同じくメモリ技術研究所所属の野田光太郎も「僕らは仕事上、今あるものをより良く改良していくことについては長けていますが、このプロジェクトでは自分にはない感性や発想力に触れることができてとても刺激的でした」と言葉を重ねた。

未来への可能性を提示したアイデアの数々

「手塚作品」と「記憶」という壮大なテーマとテクノロジーを掛け合わせ、さらには社会実装も求められるという難題に取り組んだ学生たち。続いては、学生たちの企画案とメンターからのフィードバックを紹介しよう。

「梅田を緑に」:手塚治虫の哲学を心と身体で記憶に残す

「手塚治虫のテーマだった自然環境とメタモルフォーゼを組み合わせて、都会を自然の風景に変える試み。地下鉄梅田駅内にプロジェクションマッピングとAR 技術を導入し、行き交う人々の心と身体に手塚治虫の哲学を記憶として残す。

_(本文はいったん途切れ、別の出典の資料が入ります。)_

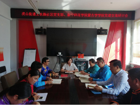 为深入开展“不忘初心、牢记使命”主题教育活动,10月10日下午,beat365正版唯一官方网站蒙古学学院党总支与虎山街道工农路社区党支部在虎山街道工农路社区联合举办了“不忘初心、牢记使命”主题党日活动。蒙古学学院全体党员教师和虎山街道工农路社区党支部书记候丽娟、主任刘燕、组织委员乔艳霞等参加。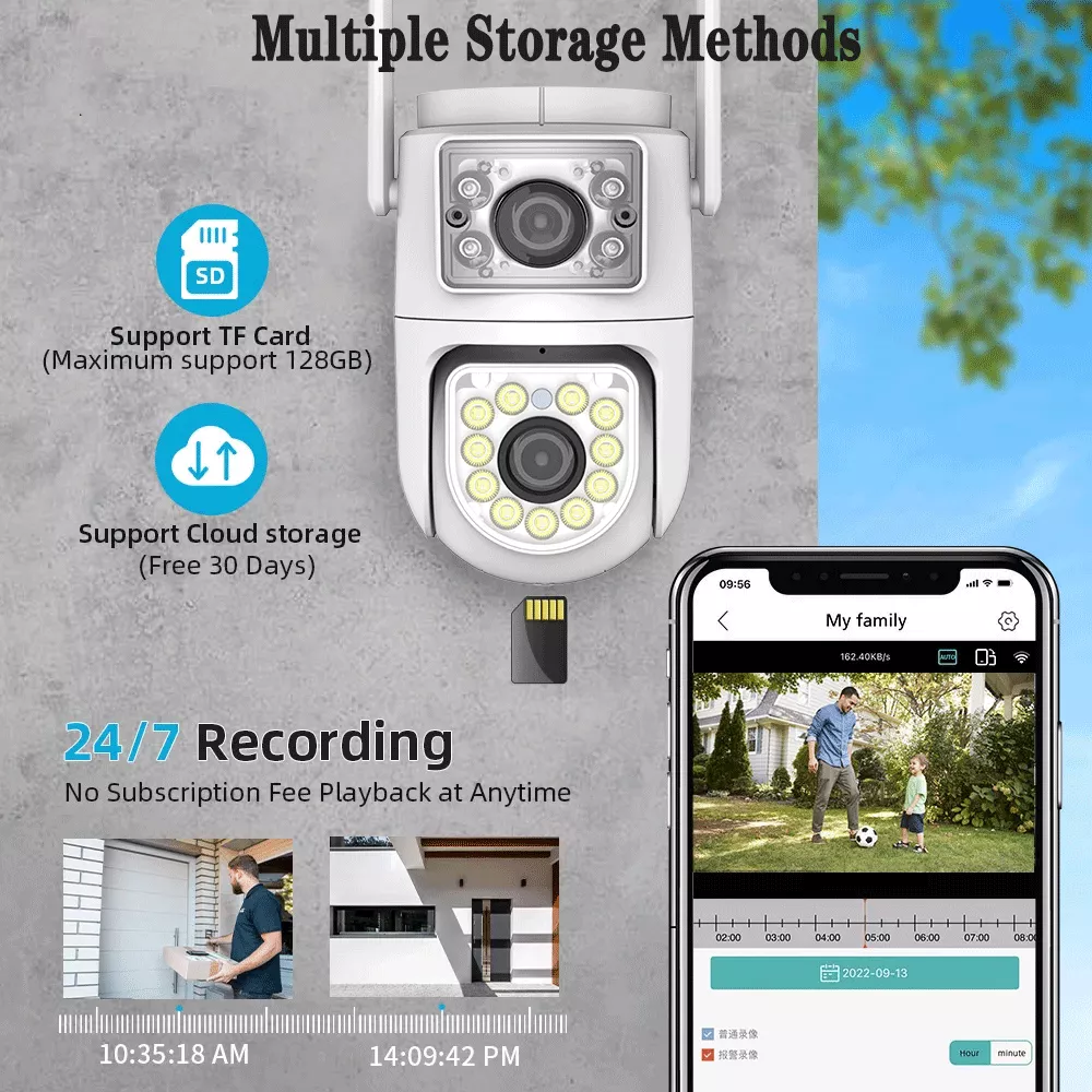 Experience next-level home and business surveillance with this advanced 10MP Dual Lens Outdoor PTZ Security Camera. Designed for ultimate security coverage, this intelligent camera combines cutting-edge dual-screen monitoring with powerful AI features, giving you peace of mind at your fingertips. Whether you want to safeguard your backyard, monitor entryways, or keep an eye on your shopfront, this high-performance device is built for total protection — rain or shine.

かつて梅田という土地そのものが湿地帯から田園へとメタモルフォーゼした歴史があることから、今人々が立つ場所がかつては自然豊かな場所であったことも感じてもらう」(京都市立芸術大学・浅野未華さん)

「昔は『埋田』と呼ばれていた梅田という土地の歴史的背景など、アイデアを出すにあたって外的要因をきちんとリサーチしてアイデアに落とし込めている点が優れていたと思います」(ワンダーマントンプソン・クリエイティブディレクター 飯田訓子氏)

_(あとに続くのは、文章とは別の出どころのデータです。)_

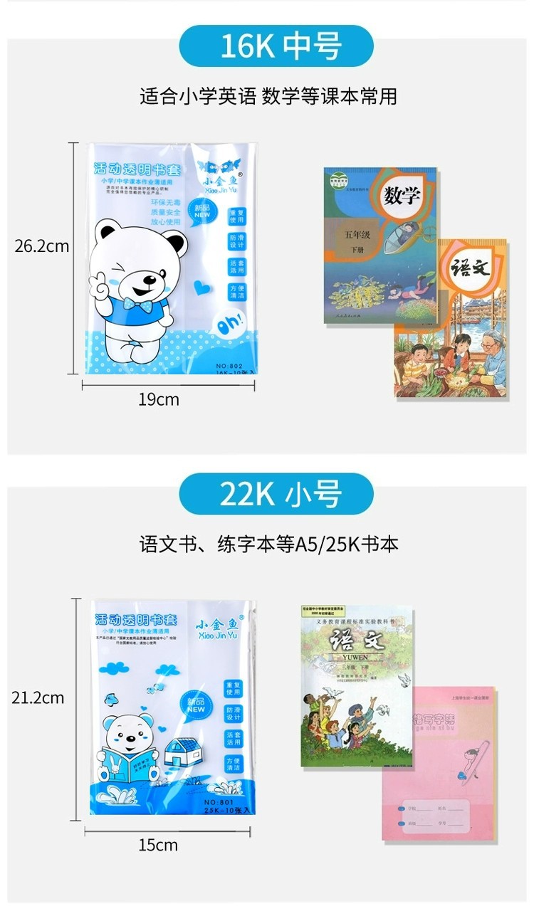 加厚书皮书套透明小学生课本作业本16K/A4防水书套保护膜大号书封

「手塚先生の哲学を心と体で記憶に残すという点が、ただの記録媒体としてだけではなく、感情や五感で感じた様々なことを残すというキオクシアが掲げるビジョンやミッションにもつながっていると感じました」(キオクシア・コーポレートコミュニケーション部 荒川恵)

漫画表現を不滅にする「石のメモリの物語」

「漫画という表現方法を数千年単位で残すために、手塚漫画という人類の記憶を『石のメモリ』に刻んで宇宙へ打ち上げる。遠い未来の人々は宇宙に散らばる星々に移住しており、地球外の惑星で地球と人類の痕跡である『石のメモリ』を見つけて自分たちのルーツである地球の歴史と、人類が地球に住んでいた頃の文化や価値観を知ることができる」(京都市立芸術大学・井手龍二さん)

「半導体は実際に石に回路を刻んでメモリとして機能しているのでシナジーを感じました。ロゼッタストーンのように石は数百年〜数千年と残るものですし、描画をどのように刻んで残すかを工学的にも考えてみたいなと思いました」(キオクシア野田)

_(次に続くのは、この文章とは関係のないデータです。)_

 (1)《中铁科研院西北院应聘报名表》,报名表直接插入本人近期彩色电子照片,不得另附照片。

「『永遠の記憶とはなんですか?』という問いかけを受けたような気がします。記憶を永遠に残す究極の形とは何か、またそこからキオクシアとして目指す記憶媒体とは何かを考えるきっかけとなりました」(キオクシア高田)

「ガラスの星の博物館」:手塚治虫作品と情報による新しい漫画体験

「手塚作品の世界観が広がり、漫画に紐づく様々な情報(知識や当時の時代背景など)と読み手の感想が集まるVR空間を展開。手塚の想いに人々をつなげるだけでなく、漫画を通して世界中の人と人をつなげる。仮想空間の中央にはガラスの地球が浮かぶが、21世紀の環境破壊によりヒビが入っている。プレイヤーは手塚作品を読むと現れる不思議な虫『オサムシ』を捕まえてガラスの地球を救うための力を得る」(京都市立芸術大学・久保友里奈さん)

「VRの体験に、漫画が作られた時代背景や情報、オサムシのようなキャラクターを設定して地球を修復するというゲーム感覚もあって、子どもから大人まで幅広い人が楽しめる空間ができそうな気がします」(キオクシア荒川)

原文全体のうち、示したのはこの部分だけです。